- The Washington Times - Friday, December 20, 2002

It should come as no surprise to some, but contingency fee personal-injury lawyers were the biggest special-interest group lobbying Congress in the final moments of debate on the recently passed homeland security bill. They lost their battle, and they are proving to be bad losers.
Even now, after the bill has been signed into law by the President, they are pushing for changes for "next year."
The Homeland Security legislation passed 90-9 on Nov. 19, 2002, following a contentious fight pushed by the personal injury lawyers' special interests to strike several litigation management provisions from the bill. One of the major targets of these lawyers and their supporters in the Senate was and still is a section making it absolutely clear that longstanding rules for lawsuits against vaccine manufacturers also apply to manufacturers of vaccine ingredients. The clarification provided in the Homeland Security Act preserves an injured person's right to recovery for injuries related to vaccines, but makes it harder for contingency fee personal injury lawyers to recover windfall fee awards in these cases.
Plaintiffs' lawyers had argued that manufacturers of vaccine ingredients were excluded from a no-fault compensation program set up for injured people seeking recovery from manufacturers of vaccines. Instead of having to go through the compensation program, as they would if they sued a vaccine manufacturer, plaintiffs' lawyers could proceed directly to filing lawsuits against manufacturers of vaccine ingredients. Such lawsuits include suits against manufacturers of thimerosal, a mercury-based preservative used in vaccines that some plaintiffs claim is linked to autism.
No scientific studies have shown a link between thimerosal and autism. But lawyers can find "experts" who allege that there is such a connection. Companies that have been sued over thimerosal include Eli Lilly and Co., Wyeth and GlaxoSmithKline Plc. Now, claims against ingredient manufacturers must first go through the no-fault compensation program.
The vaccine injury compensation program was set up in the mid-1980s to provide a quick, no-fault alternative to runaway tort lawsuits that forced vaccine manufacturers out of business. Congress recognized at the time that vaccines are a high-profile target for lawsuits, because they are intentionally injected into healthy people. Vaccines, like any medical procedure, have a risk.
Potential liability can occur if these risks arise. Liability also can occur if any illness arises in a person who has been vaccinated. An "expert" may be found who will say that it was the vaccine that caused the harm.
In their attempts to escape the no-fault fund, plaintiffs' lawyers have argued that ingredients such as thimerosal are "contaminants" and that the fund does not apply to ingredient manufacturers. As of June, 68 lawsuits were pending, 11 of them are class actions. One seeks $30 billion in damages; the entire value of the worldwide vaccine market is about $5 billion.Another lawsuit, in Florida, is claiming as many as 175 million victims. If these lawsuits and others like them continue against the vaccine industry, some companies will disappear, and there will be little incentive for the remaining companies to continue producing or conduct research about vaccines. These are proven facts: excessive lawsuits have caused the number of vaccine manufacturers to drop during the 1980s from 12 to four.

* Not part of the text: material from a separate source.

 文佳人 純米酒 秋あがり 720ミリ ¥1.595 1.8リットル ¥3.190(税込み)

Contrary to the plaintiff's bar's sound bites in the media, the litigation management provisions do not cut off anyone's right to sue. Instead, they give people injured by vaccines and their ingredients the ability to obtain a fast, no-fault recovery for their injuries from a national fund paid for by manufacturers. Most people agree to a settlement through this fund, but if they are not satisfied with their award, they can then choose to file a civil lawsuit.
The no-fault compensation program provides many benefits. It is good for injured people because it allows them to get compensation for their injuries quickly, instead of making them go through the expense, delay and uncertainty of trial. In fact, they may not even need a lawyer to file a claim. It is good for manufacturers, because fewer civil lawsuits mean less resources spent on litigation and higher insurance premiums. It is very good for the public, because manufacturers can invest more money in developing and improving new and existing products. That is why the no- fault injury compensation program received strong support from an overwhelmingly Democratic Congress in 1986.

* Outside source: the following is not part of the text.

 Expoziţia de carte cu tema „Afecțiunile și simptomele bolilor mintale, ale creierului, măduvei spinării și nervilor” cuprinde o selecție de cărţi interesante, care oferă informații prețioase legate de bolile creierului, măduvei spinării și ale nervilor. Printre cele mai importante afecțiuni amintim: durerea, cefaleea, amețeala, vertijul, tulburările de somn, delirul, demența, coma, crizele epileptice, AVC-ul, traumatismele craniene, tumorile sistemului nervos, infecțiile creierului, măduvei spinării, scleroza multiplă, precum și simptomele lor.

Obviously, the program is bad medicine for wealthy personal injury lawyers. They make their money by taking a share of a plaintiff's settlement or damages award often 25 percent to 33 percent or more. Having cases against manufacturers of vaccines or their ingredients go through a no-fault compensation injury program makes it less likely that plaintiffs' lawyers will recover a share of "jackpot justice" punitive damages awards.
Companies that make vaccines and their ingredients will be among the primary defenses in America's war against terrorism. Chipping away at their resources through lawsuits based on junk science prevents financial and human resources from being invested in products that can help protect the American public from terrorism.

Victor E. Schwartz is partner at Shook, Hardy and Bacon in Washington and chairs the firm's public policy group.He is an expert on tort reform and acts as general counsel to the American Tort Reform Association. He is an author and a professor at University of Cincinnati College of Law.